Does Medicare Pay for That? Here’s a Quick Check
If you have any question whether Medicare pays for a particular code, you can reference Medicare’s Physician Fee Schedule Relative Value File (RVF). Column D of the RVF spreadsheet is labeled “Status Code,” and determines “whether the code is in the fee schedule and whether it is separately payable if the service is covered.” The status codes include:
* A: This is an active code, eligible for Medicare payment. Payment for such codes is not guaranteed — you must still meet all medical necessity requirements to receive reimbursement. Most category I CPT codes include an “A” status code indicator.
* T: Usually denotes an injection service, which Medicare will pay only if “there are no other services payable under the physician fee schedule billed on the same date by the same provider,” according to CMS instructions. “If any other services payable under the physician fee schedule are billed on the same date by the same provider, these services are bundled into the physician services for which payment is made.”
* R: Payment is restricted, although Medicare may reimburse for the service/procedure in some circumstances.
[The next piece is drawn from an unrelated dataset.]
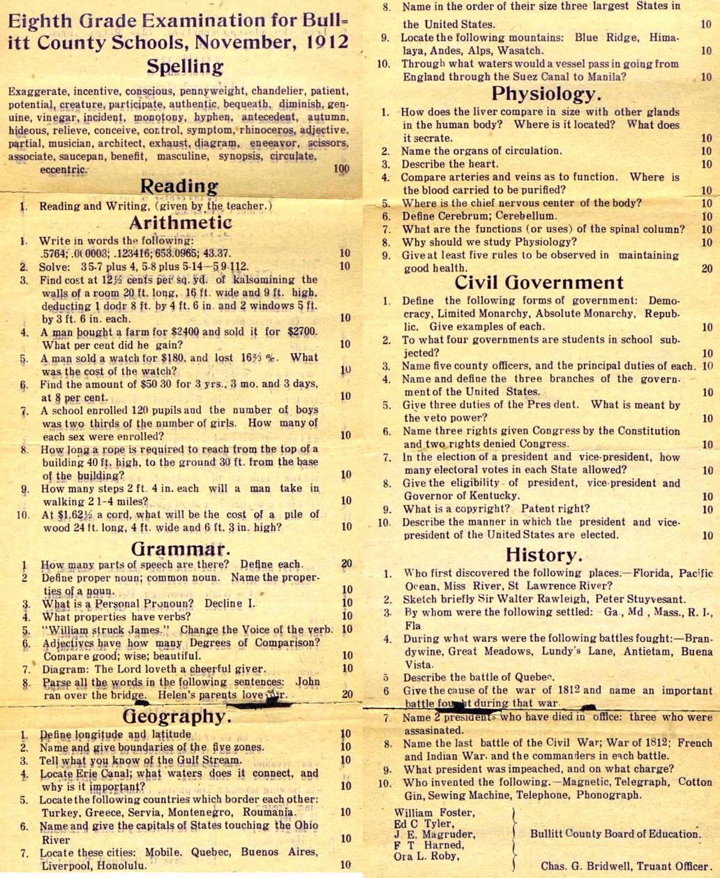 See how well you do on this eighth grade final exam from Kentucky in 1912.

These services are carrier-priced.
* C: The listed procedure or service is carrier priced. Although some carriers may choose to establish a fee schedule amount for some such codes, in most cases they will not. Therefore, the effective payment for “C” status codes is usually zero.
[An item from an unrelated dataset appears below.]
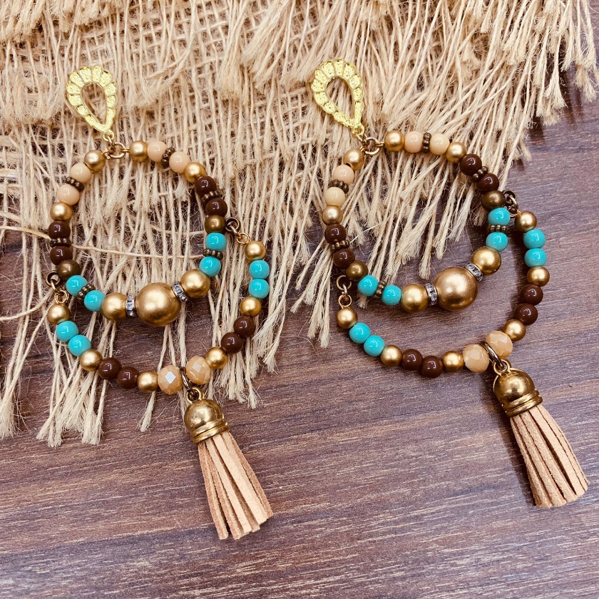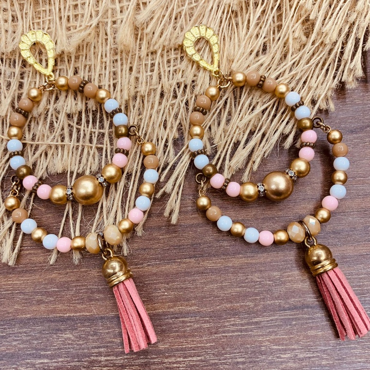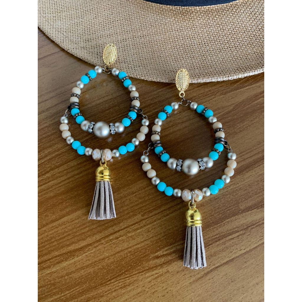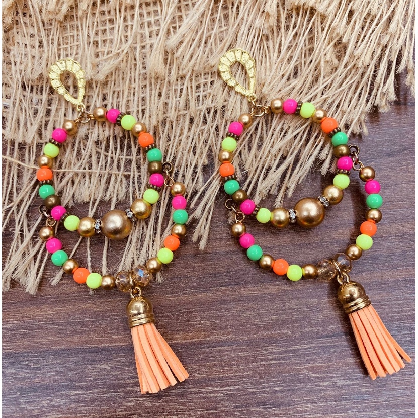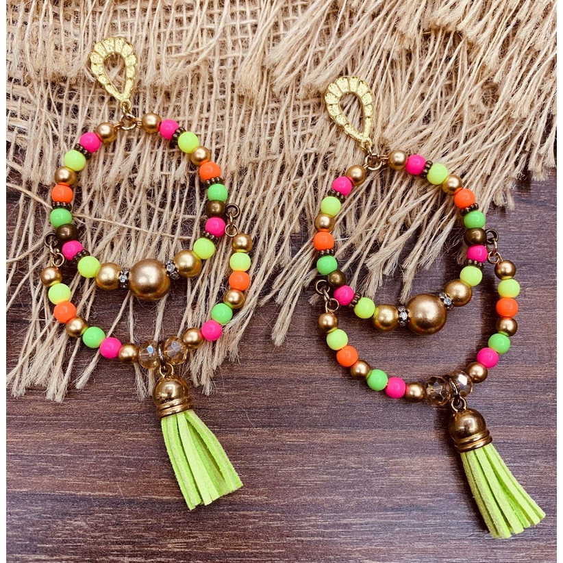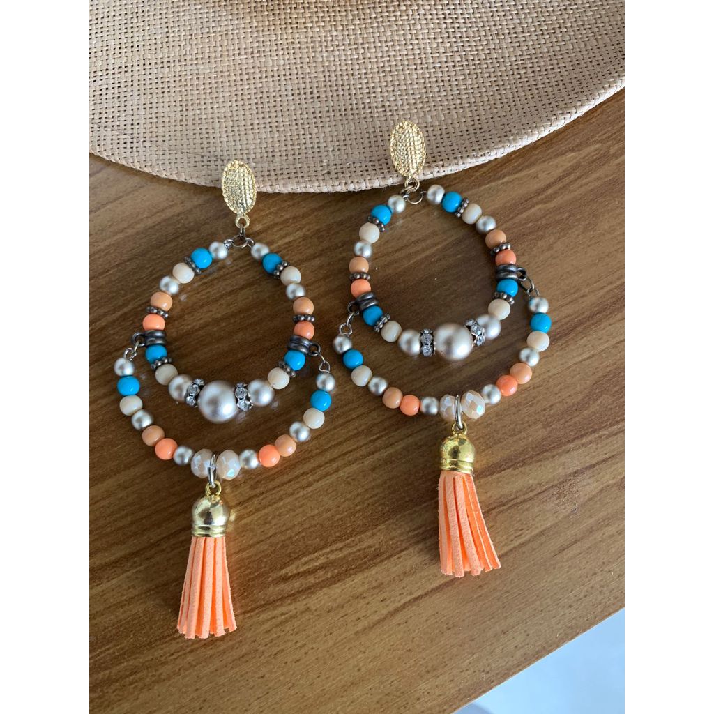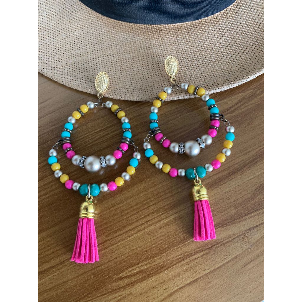 Argola Brinco Bijuterias pompom couro metal missangas Ju

Other indicators (B, D, E, F, etc.) identify specific circumstances, none of which Medicare will recognize for payment. In other words, only codes with a status of ‘A,’ ‘R,’ or ‘T,’ are used for Medicare payment.” In limited cases, you may also receive reimbursement for codes with a “C” status code indicator. In all other cases, you will not receive separate reimbursement from Medicare for the listed procedure or service.